Postscript regarding climate change: I am terrified of climate change. It feels perverse to be writing about fossil fuels as an ordinary commodity whose quantity of production at lowest possible cost we should seek to maximize. Over as short a term as possible, we would like fossil fuels not to be produced at all, to be left in the ground. But I broadly agree with Matt Yglesias that, as a practical, political matter, kneecapping supply is a bad approach to this end. The material pain that unusually high energy prices produce, unless mitigated by some sweetener (like a carbon dividend), provokes backlash that undermines political coalitions serious about climate. High fossil fuel prices not due to an overt tax make the people who work to sabotage climate solutions richer and more powerful. These political circumstances may change, perhaps very soon unfortunately, as each summer is deadlier and more frightening than the last. But for the moment, high fossil fuel prices provoke political reaction more effectively than they promote desirable efficiencies. As long as this remains true, the key to weaning ourselves must be to render fossil fuels expensive relative to carbon-neutral alternatives, rather than in absolute terms. That is, we need to drive down the perceived cost of substituting efficiencies or alternative energy sources so that reduced use of fossil fuels is not painful. This is a political rather than ethical claim. From an ethical perspective, we ought to be willing to tolerate large standard-of-living sacrifices (and the redistributions that would be necessary not to starve people) in order to preserve a habitable planet. Politically, however, we are not there yet, so we must invent spoonfuls of sugar to help the medicine go down.

Update History:

  • 15-Oct-2022, 2:35 p.m. EDT: Add bold update about followup post.

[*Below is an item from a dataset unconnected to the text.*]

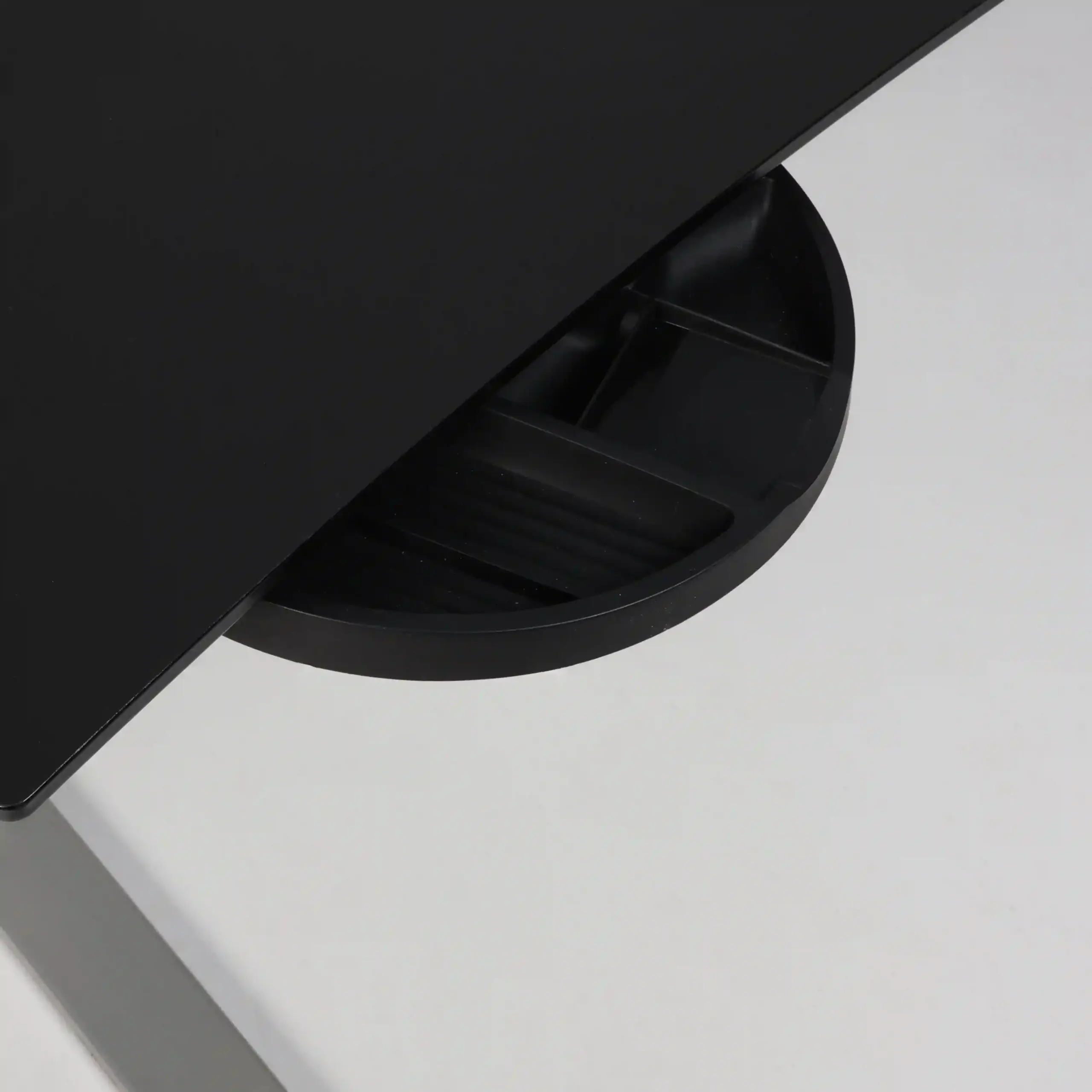 Under bordpladen er monteret en praktisk kabelbakke samt en sort, svingbar pennebakke til kuglepenne og lignende, mindre kontorartikler.

5 Responses to “Tax excess margins”

  1. Brett writes:

    Profit Margin tax seems like it would specifically punish innovation. If you try something new in the hopes of getting a bigger profit margin from it in an existing industry, it will just be taxed away.

  2. Somebody writes:

    This doesn’t work even for the example of oil. One of the main ways to increase production is to tap sources that are more expensive to exploit. If you set the default price based on the Saudi cost to produce a barrel ($30) nobody can ever exploit the Canadian tar sands ($85).

    I’m opposed to exploiting the tar sands for other reasons, but the analogy holds for lots of other scenarios. The easy way to increase production at a factory is to pay for overtime, etc.

  3. Effem writes:

    You haven’t spent enough time studying cyclical industries. Often years or decades of negative economic profits (below cost-of-capital) will be made up for in a single up-cycle where supply/demand gets very tight and excess profits are large. Cutting off that right tail would absolutely reduce new investment. Still not ideal, but it’d make more sense to do something along the lines of: “tax profits well in excess of cost-of-capital on a 10-year cumulative basis” – but you’d find we rarely (if ever) end up taxing commodity producers under such a scheme.

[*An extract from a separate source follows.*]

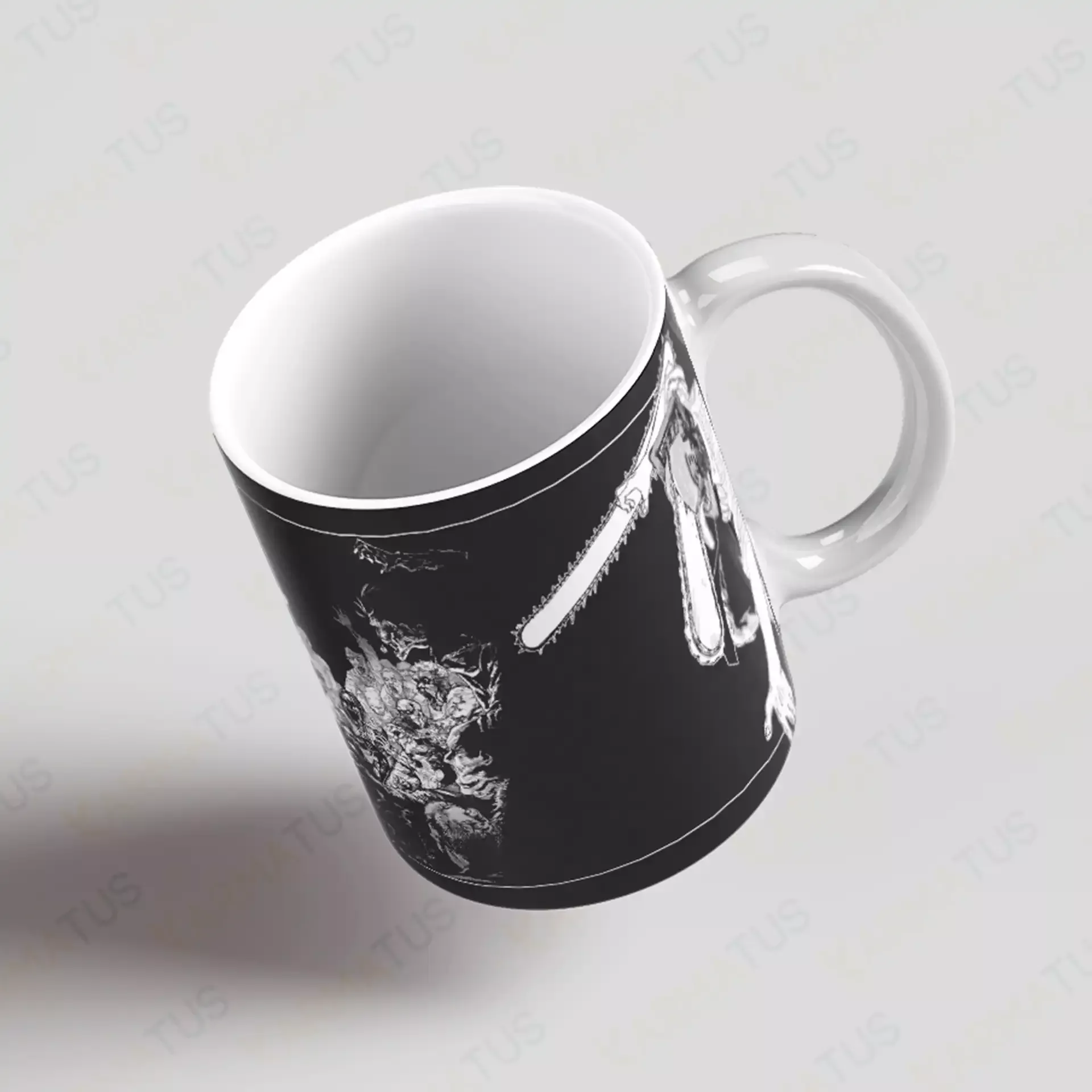 2. ماگ‌های طراحی شده با تصاویر دنیای "مرد اره‌ای": صبح خود را با یک فنجان قهوه در ماگ‌های منحصر به فرد "کارماتوس" شروع کنید.

    If we want something resembling price controls (which is what a profits tax is); we should tax profits or cap prices of goods with very low marginal cost of production such that there is limited impact on supply. Internet advertising comes to mind.

  4. benign brodwicz writes:


    you still don’t get it. force distribution of excess profits (say 10%) to employees so that it reenters the spending stream and boosts demand and output. keep the money out of the hands of government, which will only waste it!


  5. Noumenon72 writes:

    Not seeing how this differs from a price cap.